Que o diga Rosinha Andrade: “Depois de um congresso do grupo de pesquisa sobre relações étnico-raciais que participo vi negras com turbantes e tranças e decidi mudar e fiz o big chop com o desejo de conhecer o meu cabelo ainda que vá contra a opinião até da minha família", lembra a pedagoga. A imposição social é a razão para o alisamento da maioria das pessoas que veem nos artistas o conceito de beleza ideal. “Me chamavam de Elba Ramalho e de outras cantoras com cabelo volumoso de um jeito maldoso. Isso me deixava muito mal, por isso decidi alisar na primeira oportunidade, para ser aceita”, confessa a estudante de logística Taynara Freitas, 21, que complementa: “Não aprendi a me achar bonita pelo que eu sou, mas pela opinião dos outros”. O que acontecia com Taynara há quase dez anos também ocorreu com a

estudante do Ensino Médio, Beatriz Dantas, 16. “Meus colegas riam do meu cabelo porque ele era volumoso e me chamavam de bruxa, então alisei para evitar esses constrangimentos”, diz a garota que está num processo de transição para voltar àqueles cabelos que hoje admira pelo que vê nas ruas e nos blogs de beleza. O que dificulta alguém iniciar o período de transição e se manter até o fim é esperar o cabelo crescer para ver como ele é. O que pode não parecer ter sentido, já que o cabelo é de quem o alisou, mas com o tempo se vão até as memórias de uma época sem horas na cadeira do cabeleireiro em processos de alisamento. “Eu já comecei várias vezes, mas quando vai crescendo eu me frustro e não quero ficar

com aquele cabelo feio que, ao mesmo tempo, não é nem cacheado nem liso”, comenta Taynara que está há um ano sem progressiva.
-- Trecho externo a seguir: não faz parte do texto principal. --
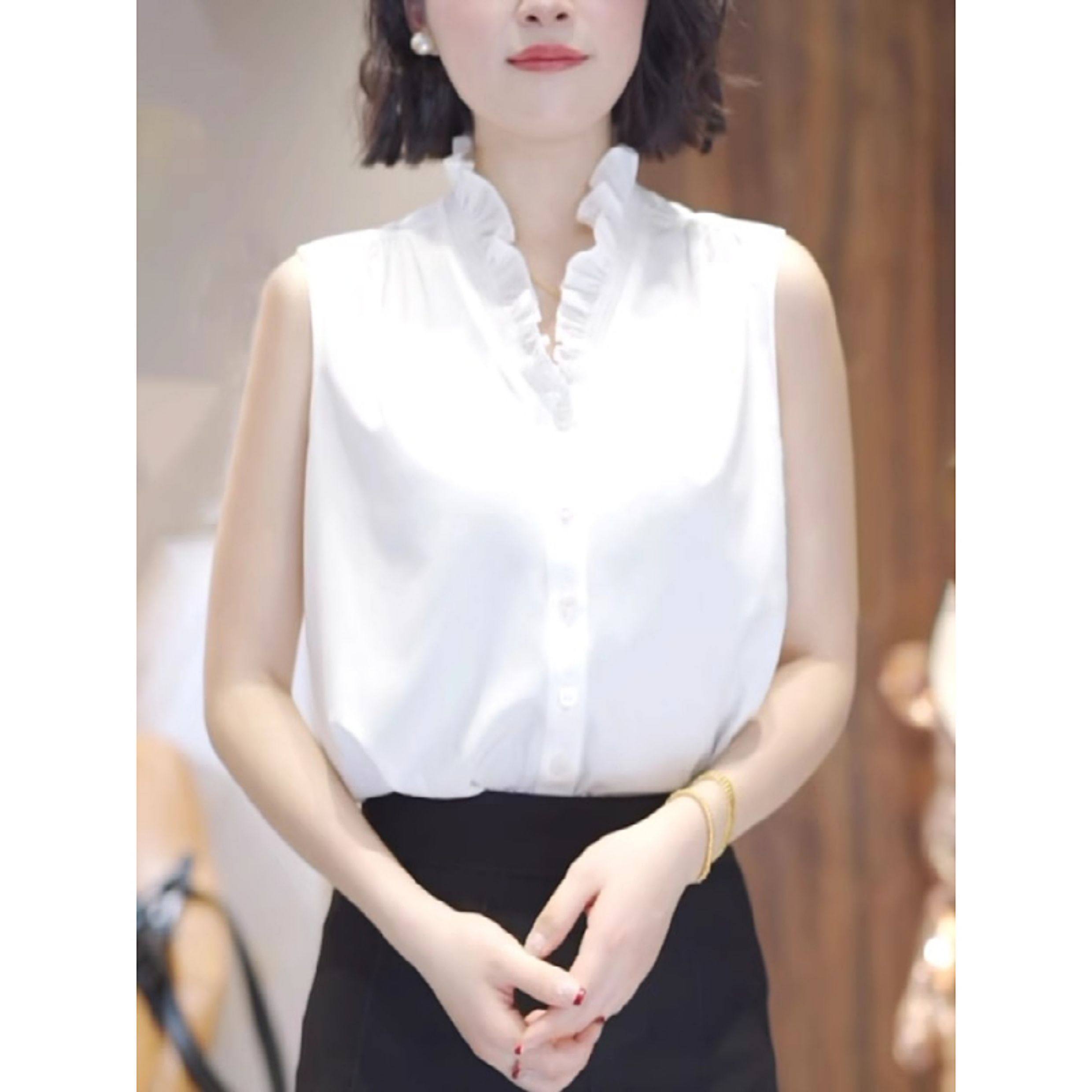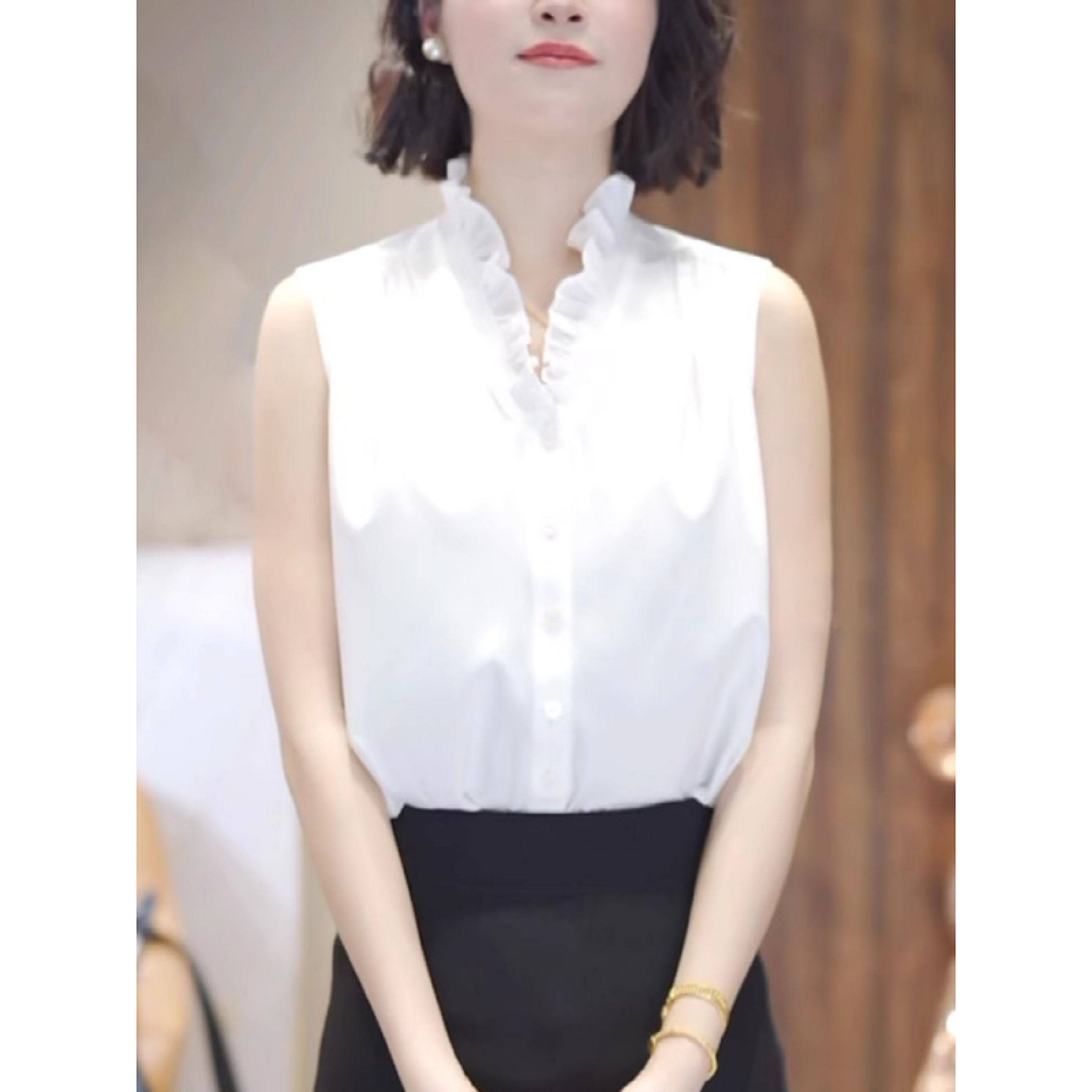 法式白色襯衫女士大碼胖MM夏季設計感洋氣減齡木耳邊v領無袖上衣

Já Rosinha teve outros obstáculos: “A pior parte é esperar que ele cresça, porque ele demora mais a ficar do tamanho que você quer, já que o cabelo encolhe por causa dos cachos". Assim, ao enfrentar o processo de transição, a ideia passa a não ser de uma obrigação em deixar o cabelo natural, mas de se ver livre de um padrão. “Eu não acho que, por causa da ditadura do cabelo liso, todo mundo tem que ter cabelo natural”, comenta Aldicéia. “O mais importante é que cada um tenha liberdade de expressão para alisar, fazer tranças, black, usá-lo natural ou com megahair”, conclui.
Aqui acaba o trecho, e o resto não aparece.